Coloco a caneca com o café a sua frente. Ela a ignora.
- Morrer não é partir. Apenas trocar de casa.
Finjo que não ouço. Um arrepio de frio me perpassa o corpo. Levo a caneca aos lábios.
- Não se beija o morto. Ao morto se agradece pela vida. É uma cerca de pedra subitamente interrompida.
No escuro da noite bordado pela luz do lampião, quase não percebo seu rosto macilento. Qual a cor dos olhos? Sei que eles me seguem. Evito encontrá-los. O que desejará com aquela cantilena?
- Não se lamenta o morto. Do morto se registram as virtudes e os inúmeros vícios.
- Não se deve culpar o morto - retruco, afinal, bem ou mal, devo responder às suas provocações. - Ao morto se perdoa os silêncios. E o que ficou nas entrelinhas.
Há naqueles não olhos um sentimento de ausência que me angustia. Dom Luís, embaixo da mesa, rosna. Ela não se move. A dor no peito amainou, embora ainda a sinta.
- Não se julga o morto - continua. - Do morto se guarda o último registro. A carteira de identidade e o anel de pedras falsas.

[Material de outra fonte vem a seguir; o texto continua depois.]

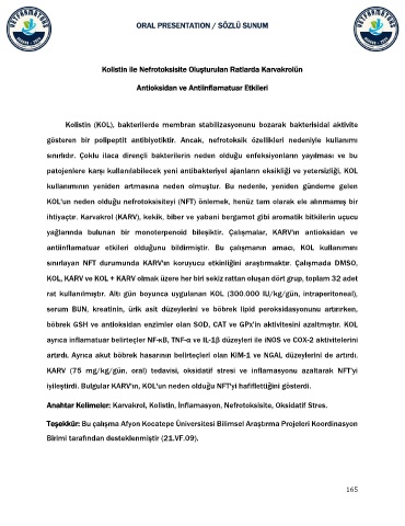 Anahtar Kelimeler: Karvakrol, Kolistin, İnflamasyon, Nefrotoksisite, Oksidatif Stres.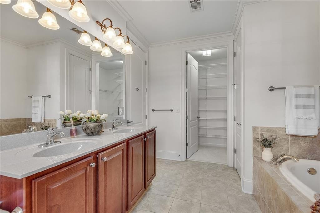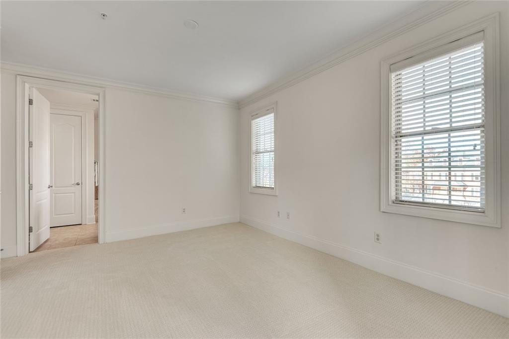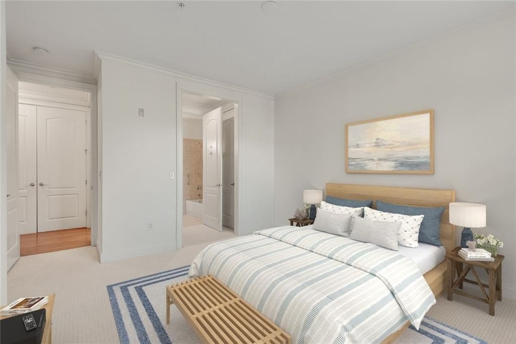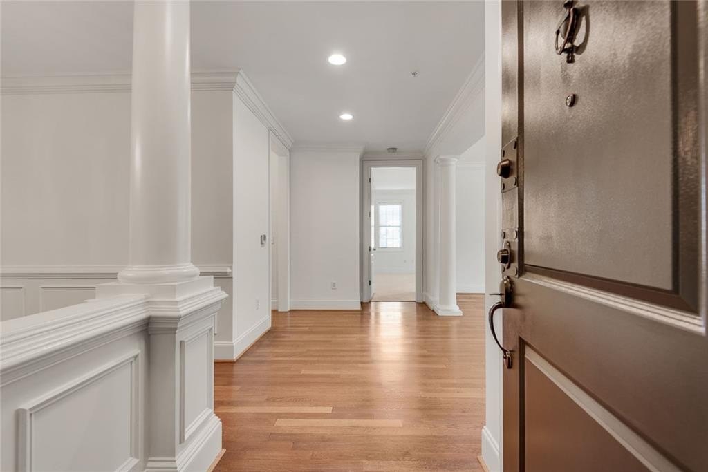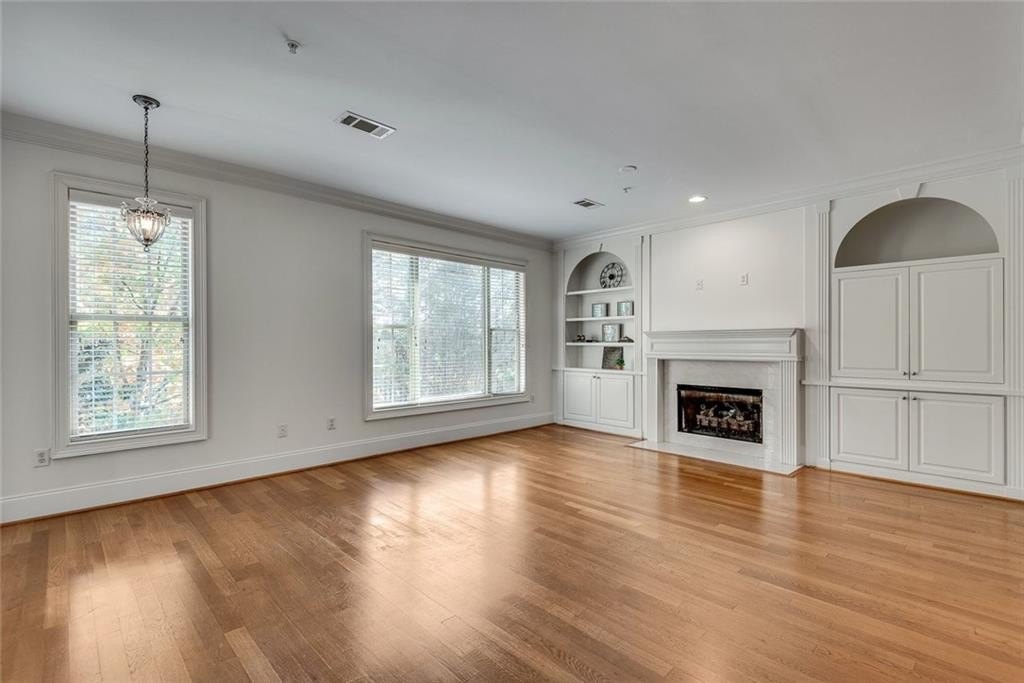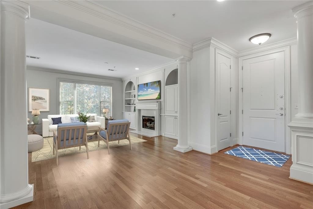 Discover a unique opportunity for one-level, maintenance-free, move-in ready living in this popular, gated community on the quiet side of Dunwoody. This spacious, two-bedroom corner unit is bathed in natural light, featuring a desirable southern exposure and treetop views. Key features include fresh paint throughout, new carpet in the bedrooms, and hardwood floors in the main living areas. Enjoy custom built-ins in the living room, elegant crown molding, and practical Elfa shelving. A generous Primary Suite has French doors opening to a spacious patio. The laundry closet accommodates a full-size, side-by-side washer and dryer - an appreciated feature. For extra storage, there’s dedicated space located on the garage level. Sterling of Dunwoody offers a carefree lifestyle with a full suite of amenities, including a large pool with an outdoor fireplace, a clubhouse, fitness center, community garden, pet walk, grilling stations, and ample guest parking. Enjoy the convenience of being just a short walk to Brook Run Park, where you can take advantage of the seasonal Farmer's Market, concerts, food truck nights, walking trails, and recreational activities. The location offers easy access to the MJCCA, Dunwoody Village, Perimeter Mall, Trader Joe's at The Forum, local schools, and amazing restaurants. Commuting is simplified with proximity to I-285, I-85, and GA-400. Enjoy a combination of comfort and convenience that is hard to match.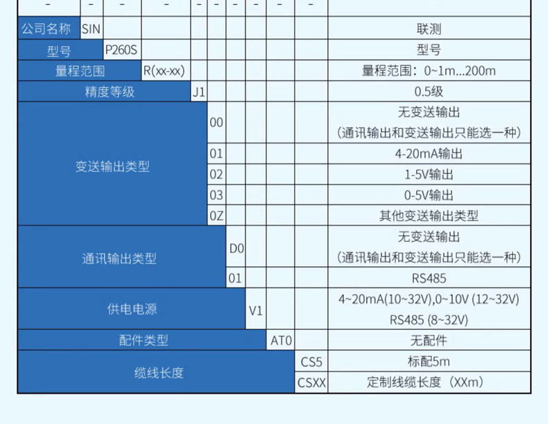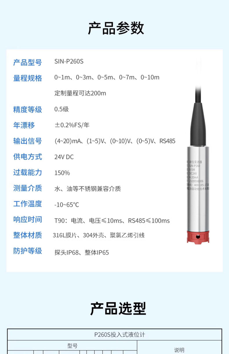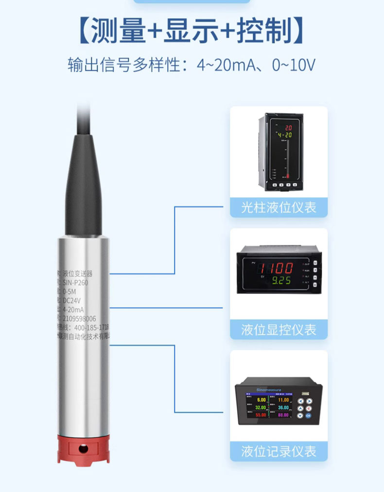 聯(lián)測儀表SIN-P260S新款投入式液位計產(chǎn)品特點:產(chǎn)品精度高、體積小、使用方便

Dom Luís coloca o focinho à mostra como se pressentisse algo. Envolvo a caneca com as mãos na tentativa de aquecê-las. Somos náufragos em um barco que talvez se estilhace contra os arrecifes.
- Não se purga o morto - emendo. - O morto é quadro na parede das lembranças. Saudade que acontece em repentes.
A noite avança. Sinto que o sono me abraça. Teimo e resisto. Ouço suas palavras me envolvendo como se fossem tentáculos de um polvo. O frio é cada vez mais intenso. Ou será impressão? Sirvo-me de mais café.
- Do morto não te despeças. O morto é tempo que não te abandona.
A cabeça pende. Luto para não fechar os olhos, mas o cansaço termina por me vencer. Fecho-os por instantes, a cabeça sobre a mesa. Ao reabri-los, não a encontro. Mas a sua caneca se encontra vazia.
Uma última chance? Um mês, um dia? E quem garante que ela não me espera além da porta?
Levanto-me.
- Dom Luís! Vamos!
Abro a porta e um sol esplêndido me queima o rosto.
A explosão da alegria é um presente raro que nem sempre valorizamos.